Art Meets Science
Water drop photography poses two major technical challenges. First, water drops fall very rapidly, and the splashes they make on impact move even faster. A normal photograph of fast-moving water will be very blurry. To freeze the splash, the photographic exposure must be very short; around 100 microseconds. But no camera shutter can operate that quickly. The only way to get such a short exposure is with a very brief pulse of light. Modern flash units put out suitably short pulses if their power is turned way down. If the only light the camera sees is from the flash, the shutter can be left open while the drop falls and the splash forms, then closed after the flash goes off. The part of the splash you see depends on exactly when the flash fires. Second, clear water is very difficult to photograph, and it is not all that interesting to look at except from a scientific perspective. If color is added to the water, or to the light, the splashes show up much better and are more interesting to look at.

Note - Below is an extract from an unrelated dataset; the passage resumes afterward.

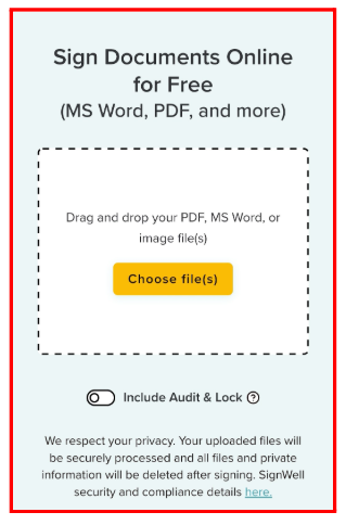 - Once the page loads, you’ll see a marked box prompting you to drag and drop your document, or a yellow button to select your file. No sign-up is required.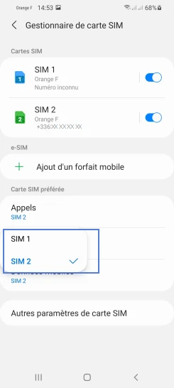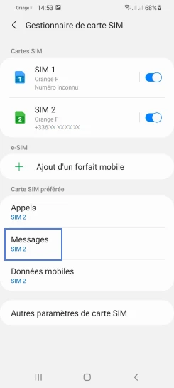 pour votre Samsung Galaxy S21 5G ou Modifier le téléphone sélectionnéChoisir la carte SIM pour les SMS

The scientific part of water drop photography is control of the process from when a droplet of water starts falling to when the camera records an image. I use an electronic valve to release a single droplet of water. The falling drop triggers a photocell, which starts an electronic timer. At a predetermined time delay, the flash is fired and the image recorded by the camera. The timer lets me control when the flash is fired. If the flash fires very soon after the drop hits the pan of water, the splash will have a crown-like shape. If the flash is delayed a few hundred milliseconds after the initial impact, the splash will look like a tall spike. If a second drop is released at just the right time, it will collide with the tip of that spike and produce a mushroom-like shape. The shape of the splashes continuously changes as they first form, rise, and then fall back into the pan. Timing of the flash lets one control which shape gets photographed. There is also an element of randomness at work. No two splashes are ever the same, even if the timing is unchanged.
The artistic part of water drop photography is experimenting with the color and chemical properties of the liquids, and with the timing and color of the light from the flashes. The splash shapes are influenced by how far the drops fall and by the depth of liquid in the pan they fall into. Shallow depths result in better crowns; more depth results in better spikes. The splashes can be made taller by reducing the surface tension of the water. The ripples can be smoothed out by increasing the viscosity of the water. Colored dyes in the pan or in the drop result in a mixture of colors in the splash. Different colored filters over the flashes also add color to the splashes or to the background. Combining these factors to create images is an art form, similar to a painter who uses different colors of pigments to create an image.
Photographic Image Processing
The images in the Photo Gallery are real. They are not digitally created. I touch up the images to adjust exposure, remove noise specks, or to crop away parts of the background.
Historical Note on Capturing Water Drops
High-speed flash photography has been used by scientific experimenters since the 1850s to capture images of the splashes made by falling drops of water. The development of the xenon flash tube in the 1930s by Harold Edgerton of MIT was one of the major drivers of modern high-speed photography. More recently, the availability of portable flash units, digital cameras, and microcomputers has brought high-speed photography out of the laboratory.